Ken Silva is a ConservativeHome College Columnist winner. He studied Economics and Politics at Kent State University.
It is another long summer for teenagers searching for jobs.
With unemployment for 16 to 19-year-olds hovering around 24 percent—nearly double the rate of 10 years ago and close to the record high 27.6 percent of 2009—teenagers are the hardest-hit demographic among the civilian population.
The massive unemployment rates among teenagers and other unskilled workers can be attributed to—in no small part—minimum wage laws.
Minimum wage laws have popular support because they are viewed as a protection against labor being exploited by capitalists, and as a way to insure a livable income for workers. However, minimum wage laws fail to fulfill these goals for a simple reason: government law cannot change the laws of economics.
Most people understand the law of demand—the law that people will buy more of a good when it is cheaper, and vice versa—when it concerns consumer goods. It is simple to conceive that when government tries to set prices on consumer goods, shortages or surpluses occur in the market. For example, if the government tried to set the price of milk at $10 per gallon, one can imagine that far less milk would be purchased.
However, many of the same people that recognize the absurdity of price controls in the goods market change their position when it comes to the labor market. They fear that without a minimum wage everybody would be making pennies an hour for backbreaking labor. Such fears ignore the fact that a wage is simply the price of one’s labor, and thus wages follow the same economic laws of supply and demand that every other product does.
Imagine a factory worker whose labor was worth $5 an hour to his boss as a press operator. If the government set the minimum wage at $6, what do you think would happen to the worker? It may be possible that his boss is an altruist and loves to lose money keeping him employed, but the most likely scenario is that the worker will lose his job.
Conversely, if the boss tried to pay the worker only $1 an hour for his labor, it is likely that another businessman would outbid him and hire the worker for himself. Henry Ford did this in 1914, when he instituted the “Five Dollar Day” plan. Ford’s $5 dollars a day was far higher than any of his competitors’ wages, and thus attracted the best workers and helped Ford become one of the dominant auto manufacturers of the world.
The most atrocious effect of the minimum wage is not necessarily how many jobs it destroys, but the type of jobs it destroys: low-skilled jobs. Low-skilled workers are often those who can least-afford to lose their jobs—people living close to poverty, as well as those who would rather enter the labor force than go to school.
When such people lose their jobs, it hurts society twofold: first, society loses the productivity of the newly unemployed person’s labor; second, society bears the burden of the unemployed entering the welfare system or taking out student loans that he otherwise would not have taken if he were employed.
President Obama stated in 2009 that he wanted to raise the minimum wage to $9.50 by 2011. While this may score him political points among his supporters—who are seemingly ignorant of the true effects that an increased minimum wage would have on the economy—such a policy would only bring about more unemployment. If Obama and the Congress were sincere about helping the poor and unemployed, they would lower the minimum wage and allow unskilled labor to go back to work.

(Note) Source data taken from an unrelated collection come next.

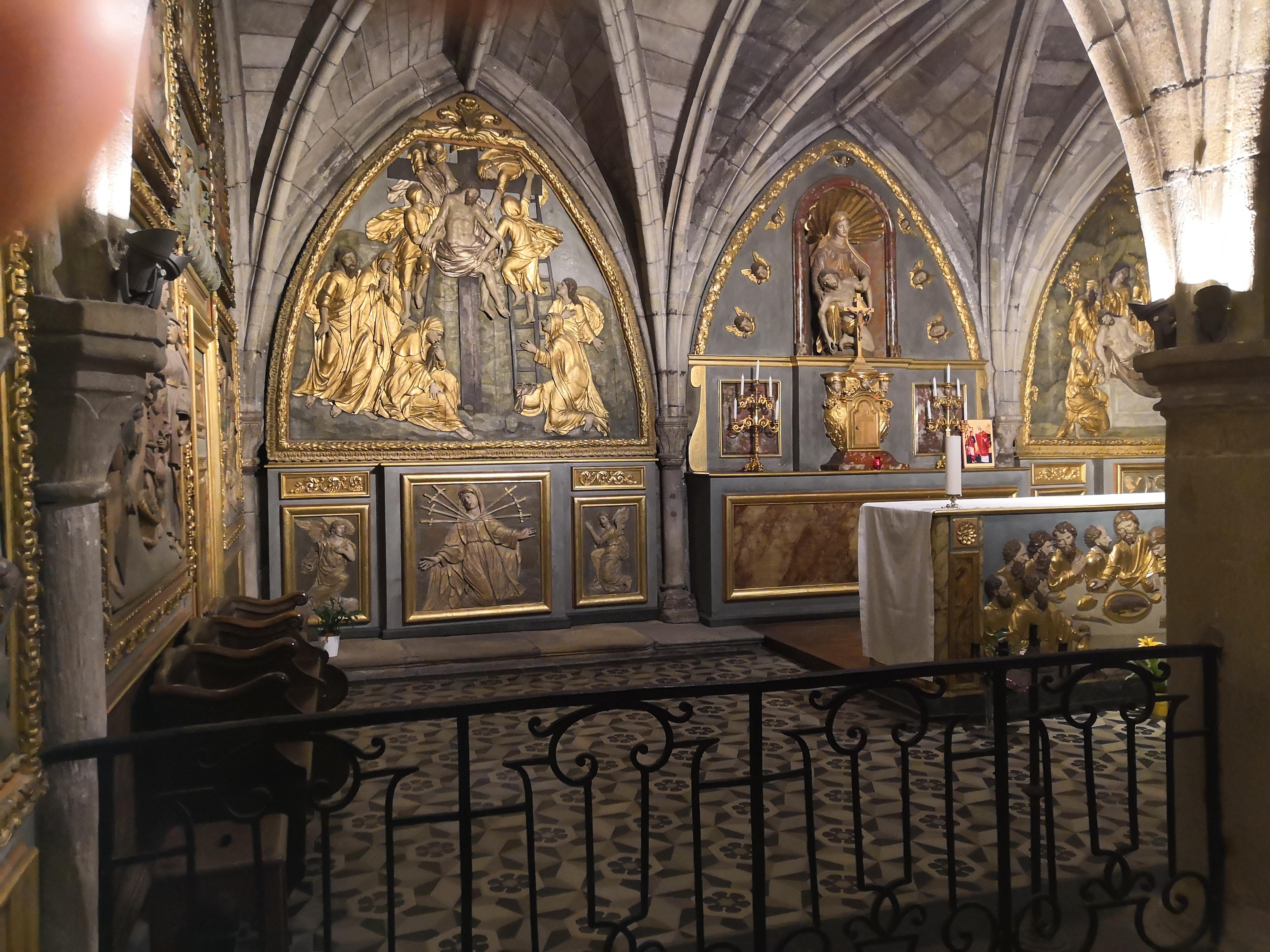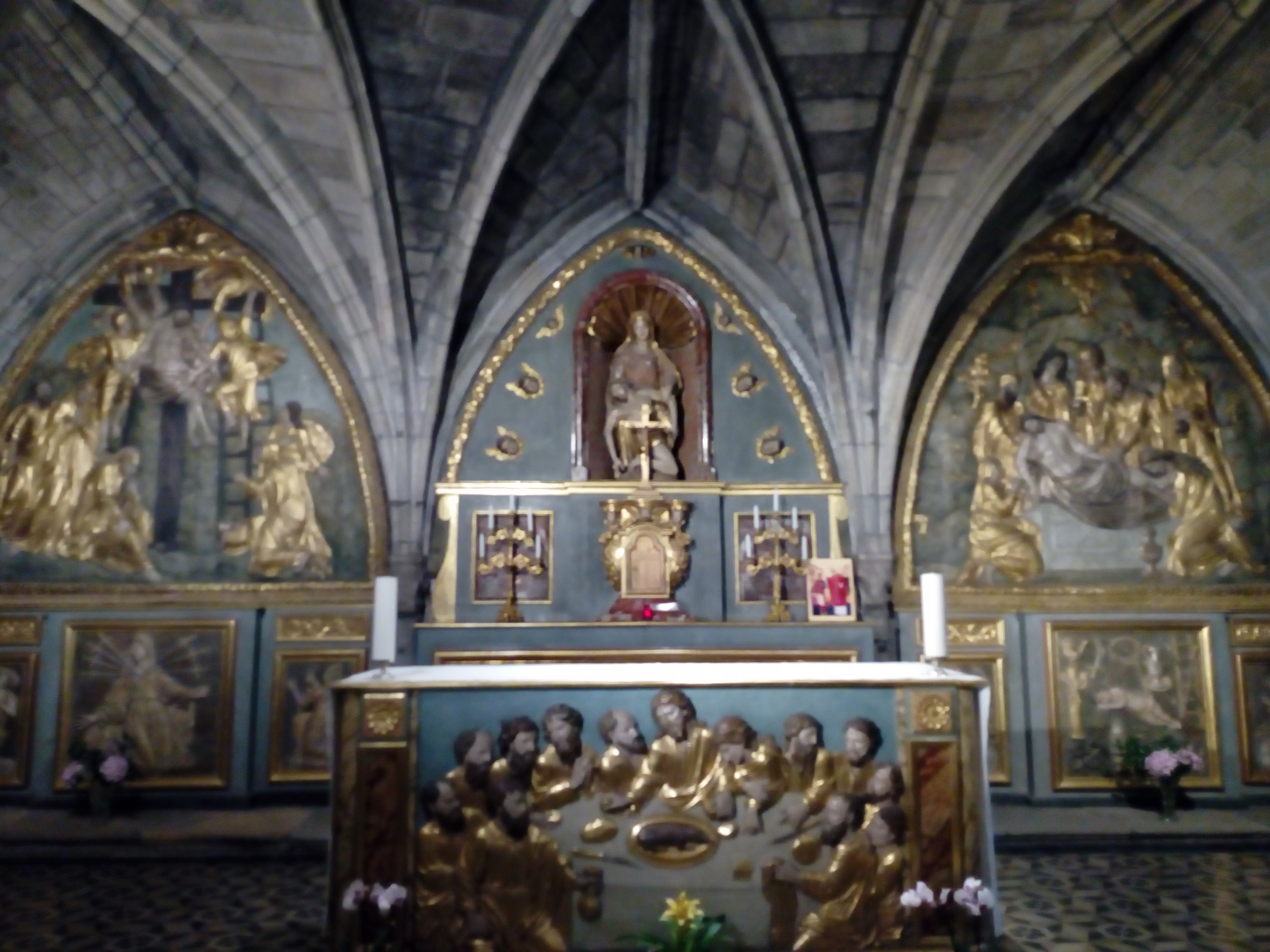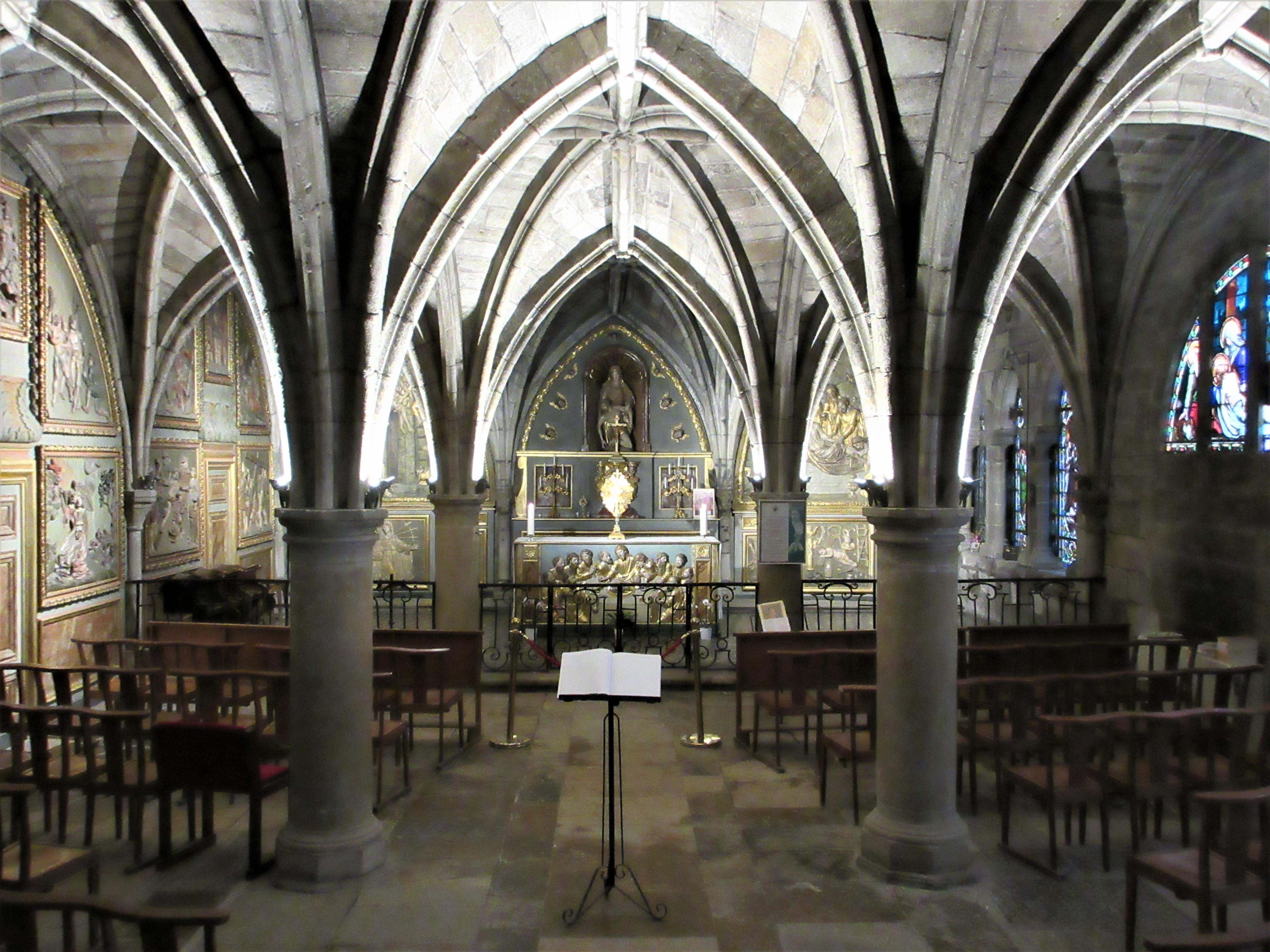 Dans l'aile droite de l'abbatiale Saint Sauveur s'ouvre la petite chapelle Notre-Dame de Pitié. Neuf travées séparées par quatre piliers. Remarquez le décor en bois sculpté et peint. Retable à 3 panneaux (thème de la passion)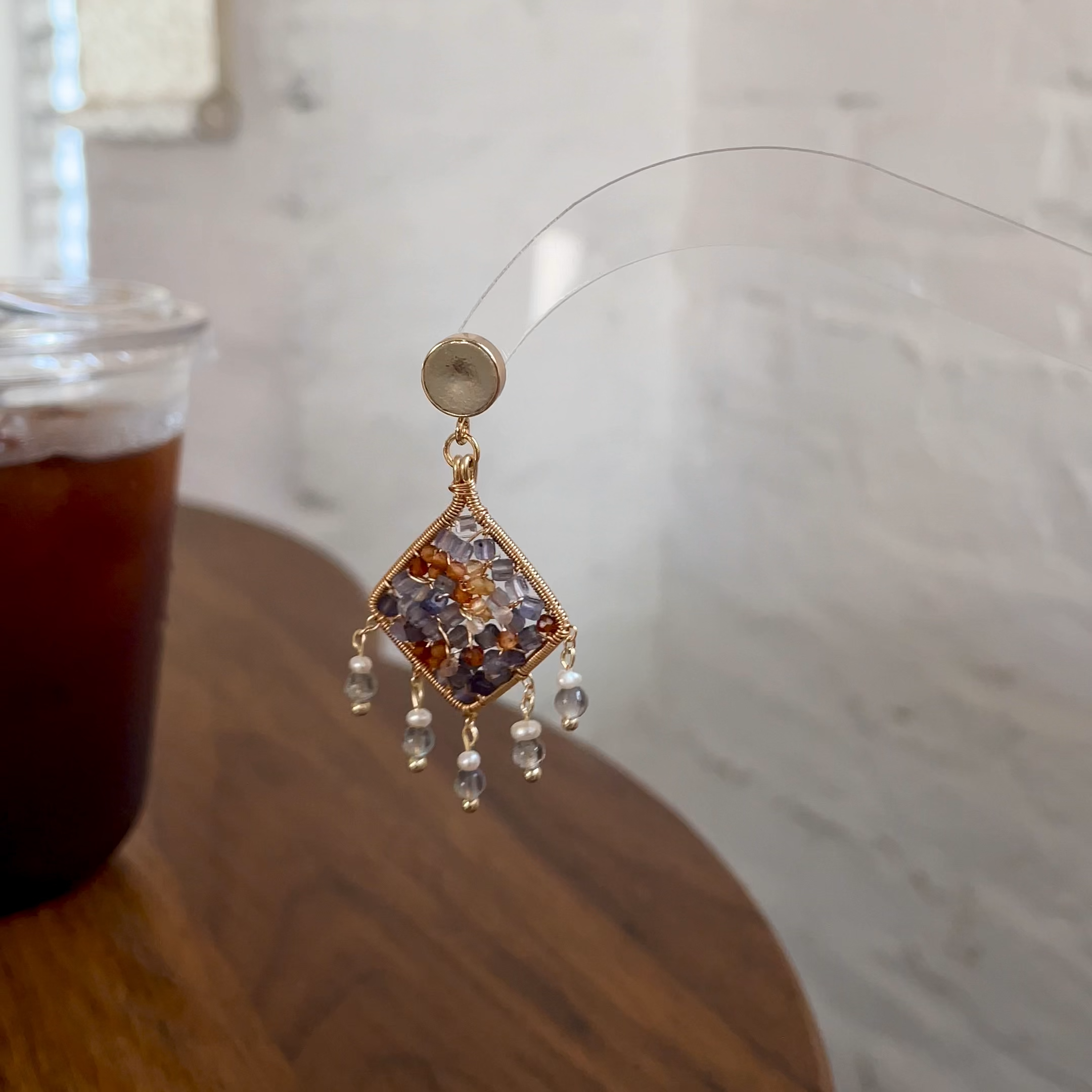 Sunset at Sayram Lake Handmade Iolite and Hessonite Garnet Wire Wrapped Earrings with Labradorite and Pearl Tassels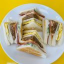 內含:漢堡肉、火腿、蛋 /醬料:美乃滋、蕃茄醬 / 小黃瓜、洋蔥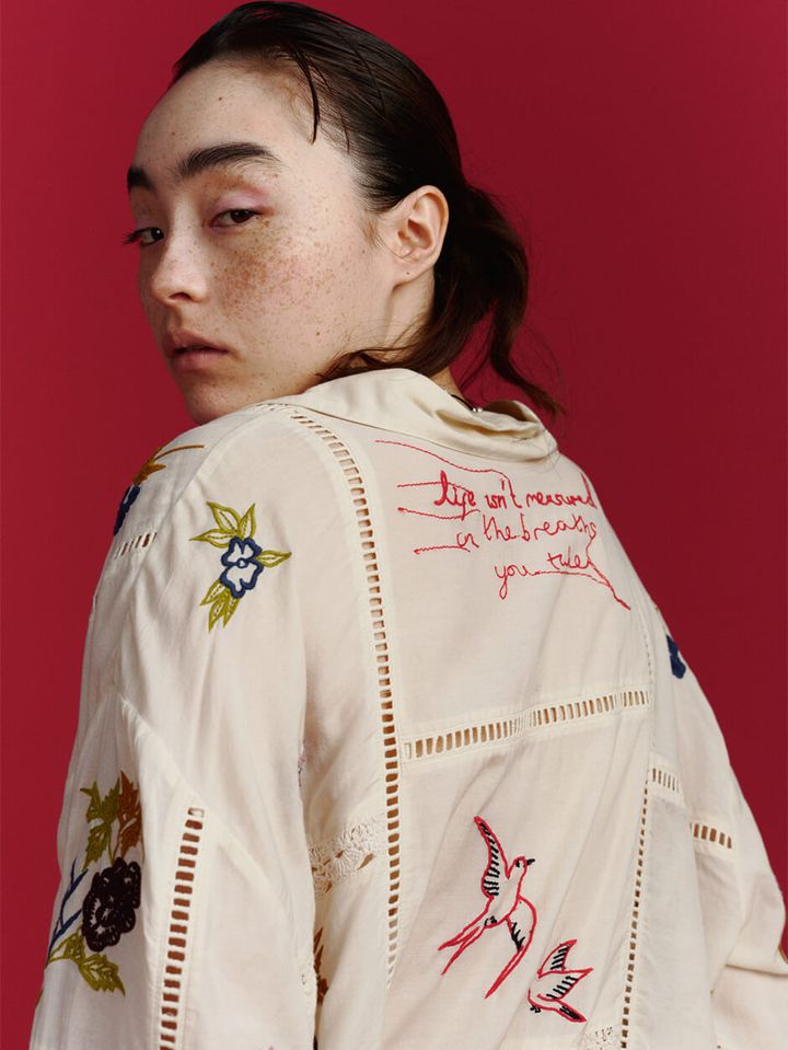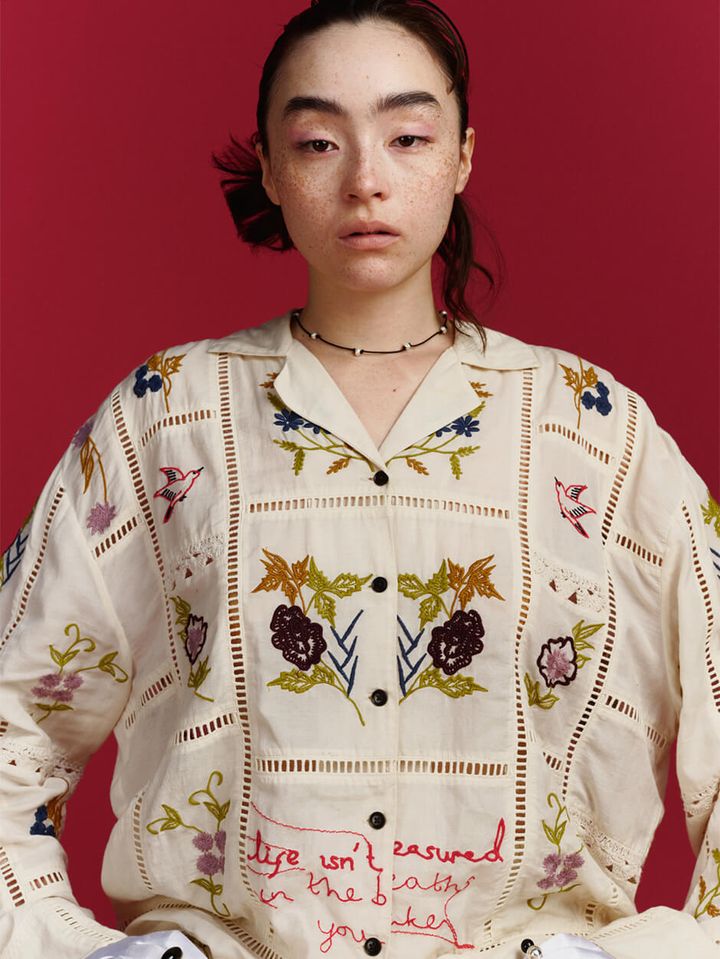 13種類もの刺繍があしらわれた開襟シャツ「Embroidery Patchwork Shirts」は、柄の配色や袖口のディテールなど細部にまでこだわったアイテム。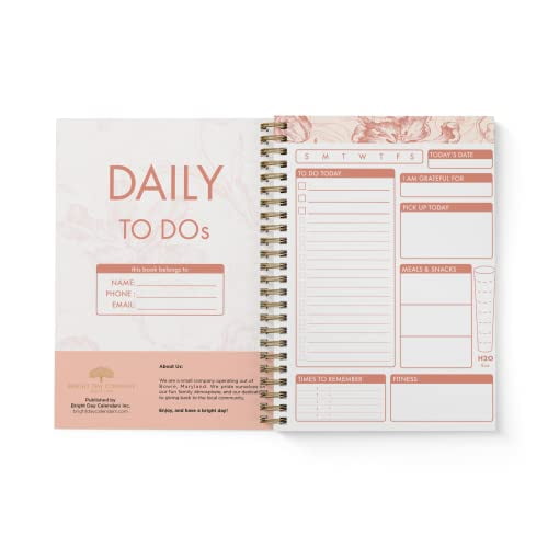 Undated to Do List Daily Task Checklist Planner Time Management Notebook by Bright Day Non Dated Flex Cover Spiral Organizer 8.25 x 6.25 Habit Tracker (Floral)None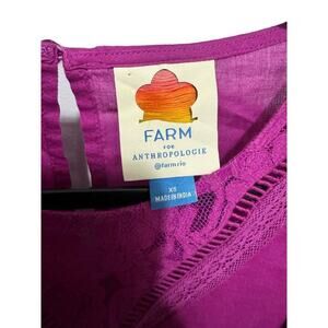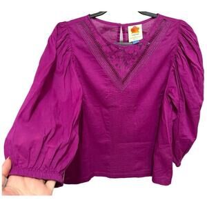 Farm Rio Kelsie Blouse Peasant Puff Sleeves Lace Detail Pullover Purple Size XS

We have a minimum wage in the UK and it is a bad thing. It has caused wage stagnation, because it is possible to get semi and even skilled labor for peanuts. At the other end of the spectrum it forces the low skilled onto unemployment benefit, as employers source illegal and immigrant workers.
The government also has no choice but to give subsidies to the employed who cannot support themselves and a family on wages that are minimum in every respect. As a result our deficit increases for every minimum wage job that is created.
Like most socialist ideas it traps people in a dependency cycle with the government.
Of course the moment a down turned came, it became impossible for people to price themselves into work. As a result our recovery is even more sluggish than usual.
Minimum wages are a bad idea as they hurt just about everyone.